[Study material]
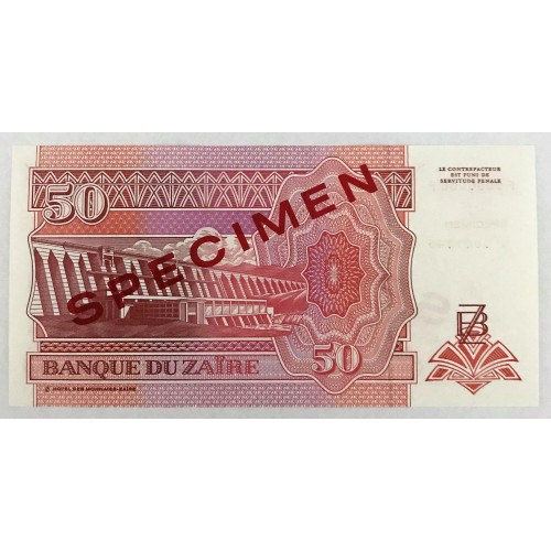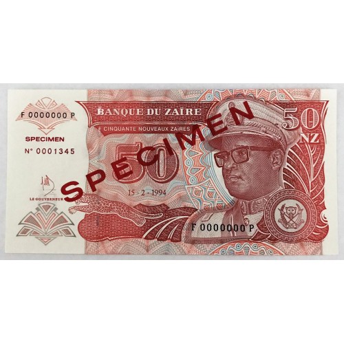 ZAIRE 1994 . FIFTY 50 NOUVEAUX ZAIRES BANKNOTE . SPECIMEN
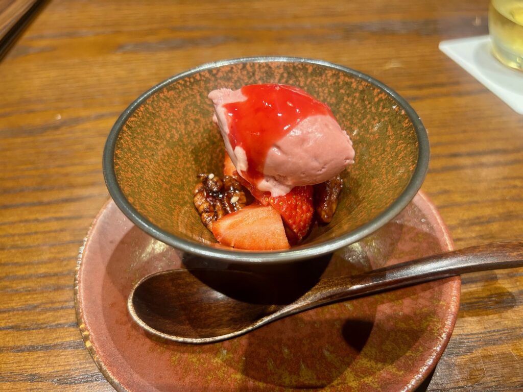 デザートはピーカンナッツと苺とフランボワーズのアイス。ライチ紅茶と共に供される。
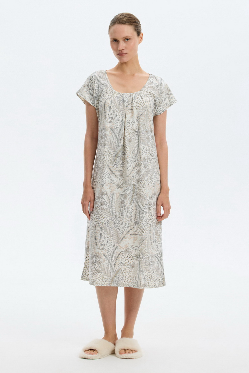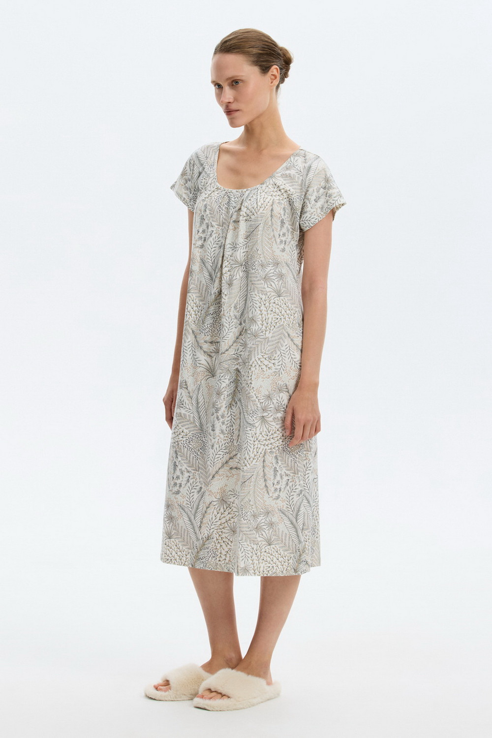 Сорочка с коротким рукавом и защипами выполнена из высококачественного хлопка. Свободный крой добавляет комфорта во время сна.
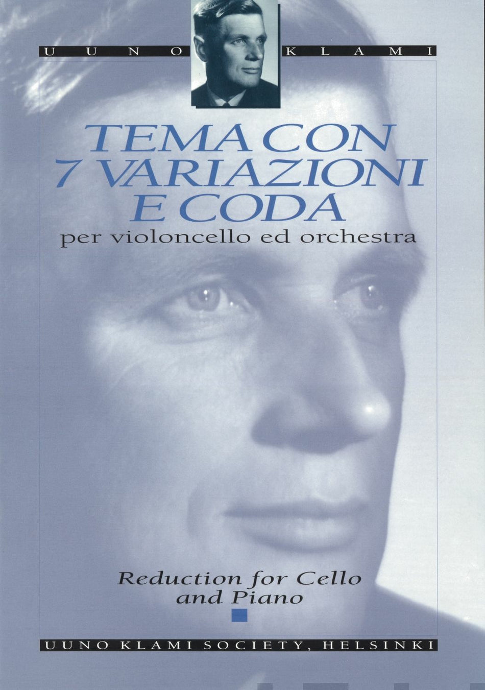 Uuno Klami sävelsi Tema con 7 variazioni e coda -teoksen Suomen Kulttuurirahaston vuonna 1954 järjestämää sävellyskilpailua silmällä pitäen. Teos palkittiin kilpailussa toiselle sijalle, mutta vasta ensilevytys 1994 nosti teoksen yleisön tietoisuuteen. Teoksen tematiikka on puhdaspiirteistä klassillista, säännöllisistä nelitahtisista säkeistä koostuva melodiikka. Uusklassistisen sävellystavan suosimat, oikukkaat "väärät sävelet" antava tonaaliselle lähtökohdalle jännittävää sävyä. Kiinteärakenteinen teema tuo Klamin teokseen kokonaisuudessaankin lujuutta ja ryhtiä. Näennäisen vaatimattomasta 20 minuutin kestostaan huolimatta teos kohaa jo kokonaisrakenteen hallinnankin puolesta Klamin huomattavampien teosten joukkoon ja merkkiteokseksi suomalaisessa musiikkikirjallisuudessa. Teema, 7 muunnelmaa ja kooda on kuitenkin paljon muuta kuin tyylipastissi. Siinä taitava orkesterinkäyttäjä kutsuu soittajistosta esiin milloin visionäärisiä, milloin kekseliään humoristisia tehoja säilyttäen aina ihailtavan hienostuneen tasapainon sooloäänen kanssa. Solistiosuus on hyvin vaativa. Yksinkertainen teema tarjoaa lähtökohdan rikkaalle muuntelulle.
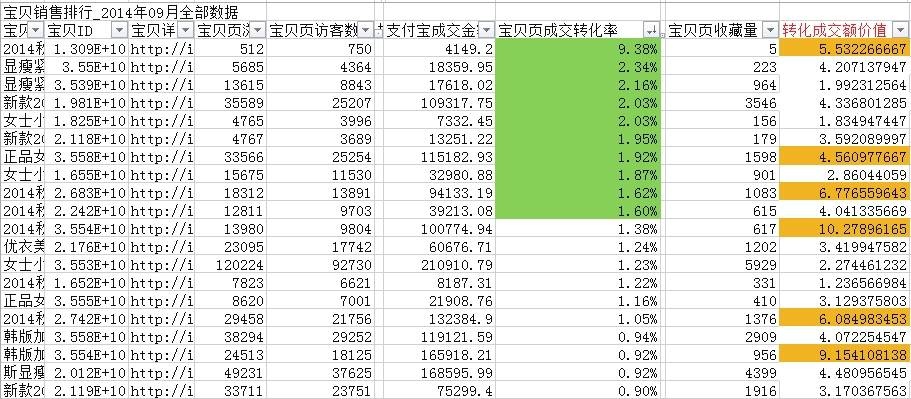 转化率降序后,卖家选择一个优质宝贝的转化率范围,如这里选择将转化率大于 1.50% 的宝贝转化率数据单元格标识为绿色,结果如下图所示。同时拥有绿色和橙色单元格数据的宝贝就是转化率高、转化金额也高的宝贝,可以考虑加强推广力度,为店铺带来更多的利润。
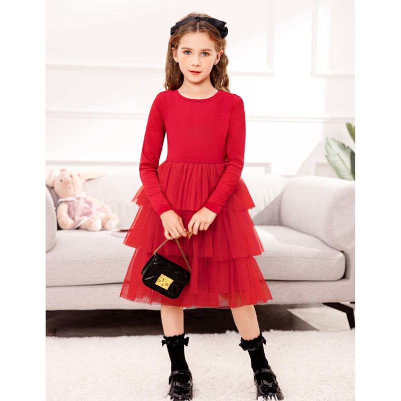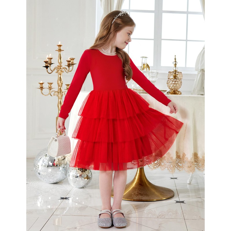Arshiner Toddler Tutu Dres Girls Long Sleeve Red Xmas Holiday Birthday Party Tulle Dresses 5 Years
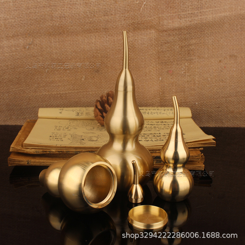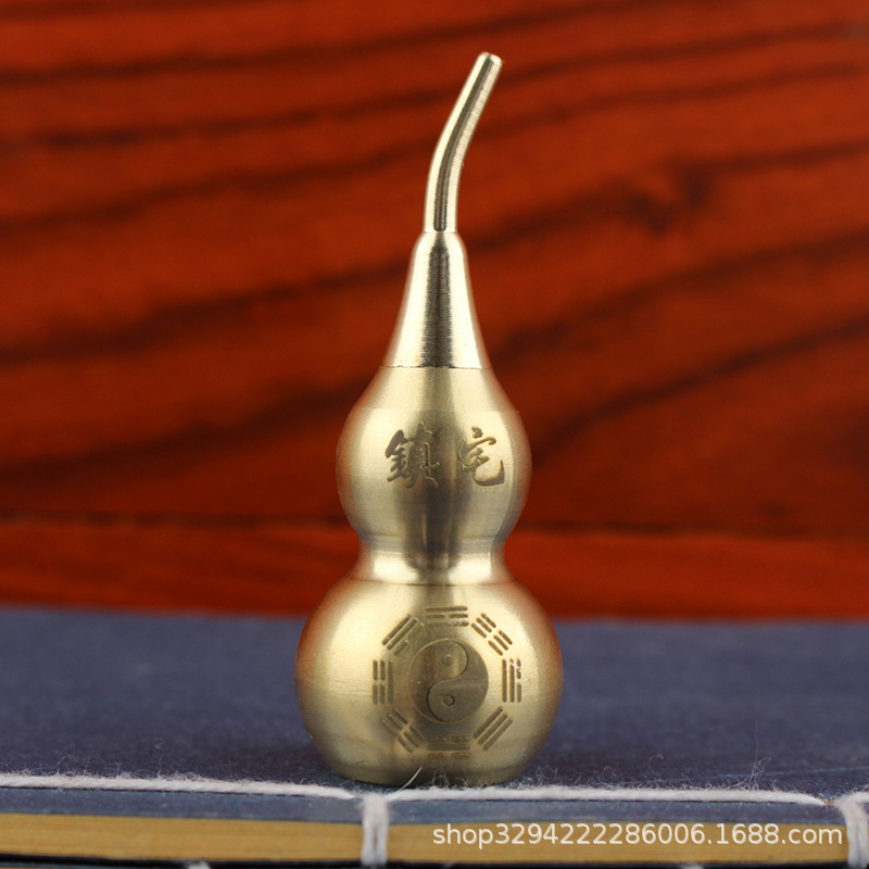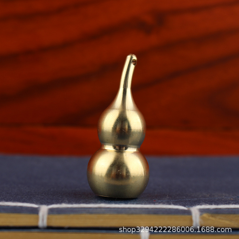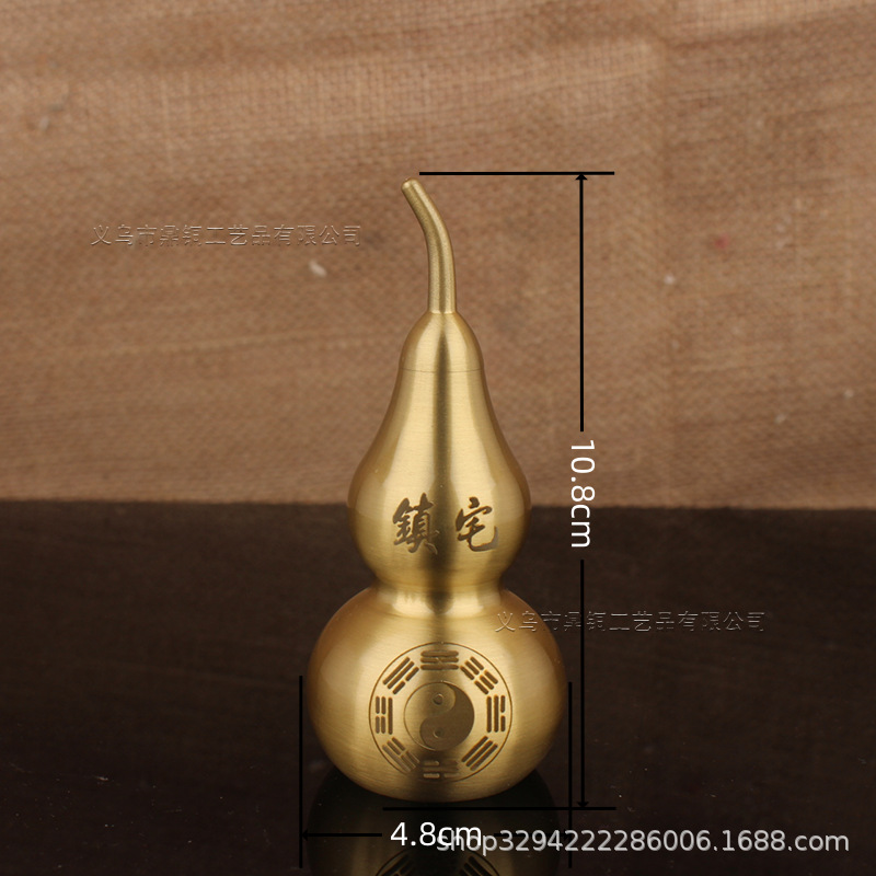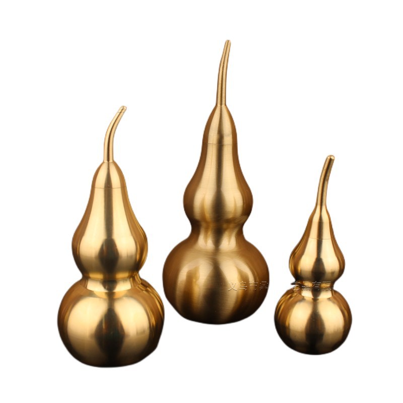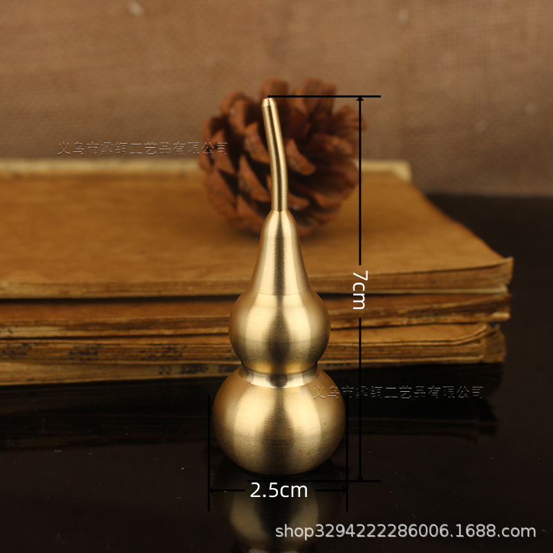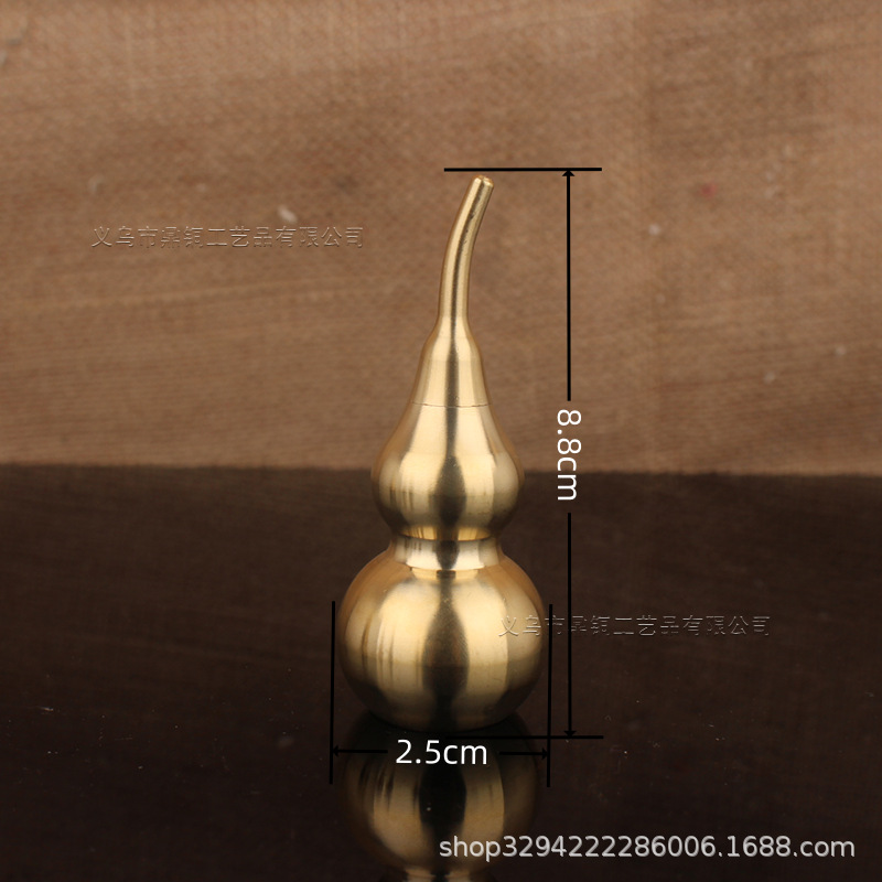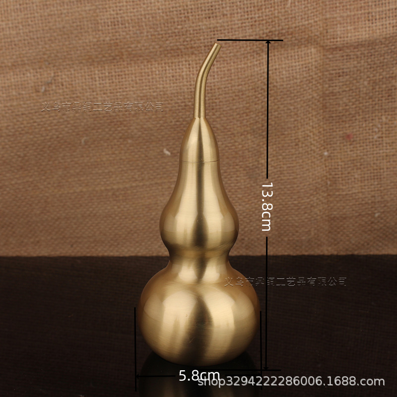 空心葫芦摆件纯黄铜葫芦家居长柄歪头开孔开盖铜器金属工艺品

[Work required] All of the listing above must be output exactly, except for its pictures.

[Answer section]
 ZAIRE 1994 . FIFTY 50 NOUVEAUX ZAIRES BANKNOTE . SPECIMEN
 デザートはピーカンナッツと苺とフランボワーズのアイス。ライチ紅茶と共に供される。
 Сорочка с коротким рукавом и защипами выполнена из высококачественного хлопка. Свободный крой добавляет комфорта во время сна.
 Uuno Klami sävelsi Tema con 7 variazioni e coda -teoksen Suomen Kulttuurirahaston vuonna 1954 järjestämää sävellyskilpailua silmällä pitäen. Teos palkittiin kilpailussa toiselle sijalle, mutta vasta ensilevytys 1994 nosti teoksen yleisön tietoisuuteen. Teoksen tematiikka on puhdaspiirteistä klassillista, säännöllisistä nelitahtisista säkeistä koostuva melodiikka. Uusklassistisen sävellystavan suosimat, oikukkaat "väärät sävelet" antava tonaaliselle lähtökohdalle jännittävää sävyä. Kiinteärakenteinen teema tuo Klamin teokseen kokonaisuudessaankin lujuutta ja ryhtiä. Näennäisen vaatimattomasta 20 minuutin kestostaan huolimatta teos kohaa jo kokonaisrakenteen hallinnankin puolesta Klamin huomattavampien teosten joukkoon ja merkkiteokseksi suomalaisessa musiikkikirjallisuudessa. Teema, 7 muunnelmaa ja kooda on kuitenkin paljon muuta kuin tyylipastissi. Siinä taitava orkesterinkäyttäjä kutsuu soittajistosta esiin milloin visionäärisiä, milloin kekseliään humoristisia tehoja säilyttäen aina ihailtavan hienostuneen tasapainon sooloäänen kanssa. Solistiosuus on hyvin vaativa. Yksinkertainen teema tarjoaa lähtökohdan rikkaalle muuntelulle.
 转化率降序后,卖家选择一个优质宝贝的转化率范围,如这里选择将转化率大于 1.50% 的宝贝转化率数据单元格标识为绿色,结果如下图所示。同时拥有绿色和橙色单元格数据的宝贝就是转化率高、转化金额也高的宝贝,可以考虑加强推广力度,为店铺带来更多的利润。
Arshiner Toddler Tutu Dres Girls Long Sleeve Red Xmas Holiday Birthday Party Tulle Dresses 5 Years
 空心葫芦摆件纯黄铜葫芦家居长柄歪头开孔开盖铜器金属工艺品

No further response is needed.